IS COMPASSIONATE RELEASE THE SLEEPER STAR OF FIRST STEP?

compassion160208Ohio State law professor Doug Berman, whom I cite often, wrote in his Sentencing Law and Policy blog last week that he “considers the statutory changes to the so-called compassionate release provisions in federal law to be the ‘sleeper provisions’ of the First Step Act,” chiefly because for the first time, inmates may ask their sentencing courts directly for compassionate release (18 USC 3582(c)(1)) if the Federal Bureau of Prisons does not act within 30 days, or if – after going through the BOP’s administrative remedy process – the inmate is denied.

Since the BOP usually takes four months plus to grant compassionate release in the rare cases the agency did so, this provision is important. Maybe no more will die like Steve Cheatham did. Sick with cancer, he filed for compassionate release on Dec. 13. The BOP denied receiving it until Jan. 11. Desperate to get him home, Steve’s lawyer filed with Steve’s sentencing judge on Jan. 30. The court granted compassionate release the next day. Before Steve could be told the news that afternoon, he died at FMC Butner.
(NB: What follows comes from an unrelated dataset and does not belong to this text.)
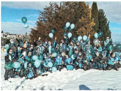
Die Guggenmusik Ruck Zuck Schränzer in ihren neuen Kostümen.

öffentliche Weihnachtsbaum in der Geschichte Degersheims in der Mitte des Dorfplatzes.
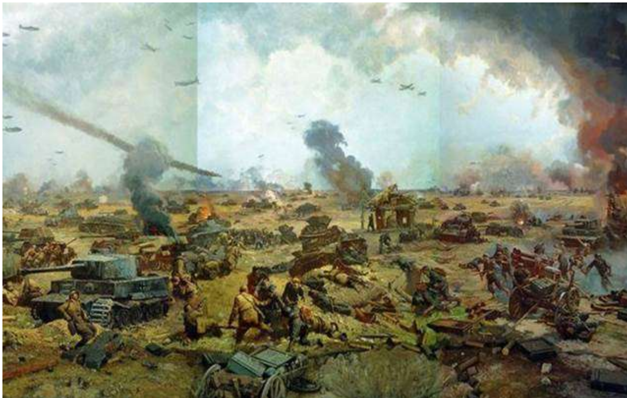
Битва за Прохоровку

В результате ожесточенного сражения в районе Прохоровки ни одна из сторон не смогла решить поставленные перед ней задачи: немцы — прорваться в район Курска, а советская танковая армия — выйти в район Яковлево, разгромив противостоявшего противника. Но путь врагу на Курск был закрыт. Противоборство двух группировок — наступавшей немецкой и наносившей контрудар советской — продолжалось вплоть до 16 июля, в основном на тех рубежах, которые они занимали. 16 июля начался отвод главных сил группы немецких армий "Юг" в исходное положение. 16 июля начался следующий этап Курской битвы — контрнаступление советских войск.

Prof. Berman hopes that the kind of failure seen in Steve’s case will end, and that compassionate release will become a tool to reduce mass incarceration. He wrote that

more than 5000 federal prisoners are in ‘care level’ 3 or 4 facilities… As the [Dept. of Justice Inspector General] explained to the USSC in his testimony three years ago, beyond the humanitarian value of allowing ill persons to receive treatment outside of prison facilities, releasing ill prisoners helps ‘reduce overcrowding in the federal prison system” and can “result in cost savings for the BOP” and in turn the federal taxpayer.

Even if we imagine only 10% of elderly and ill federal inmates are suitable candidates for compassionate release, we still could be looking at a means for releasing many thousands of federal prisoners in relatively short order.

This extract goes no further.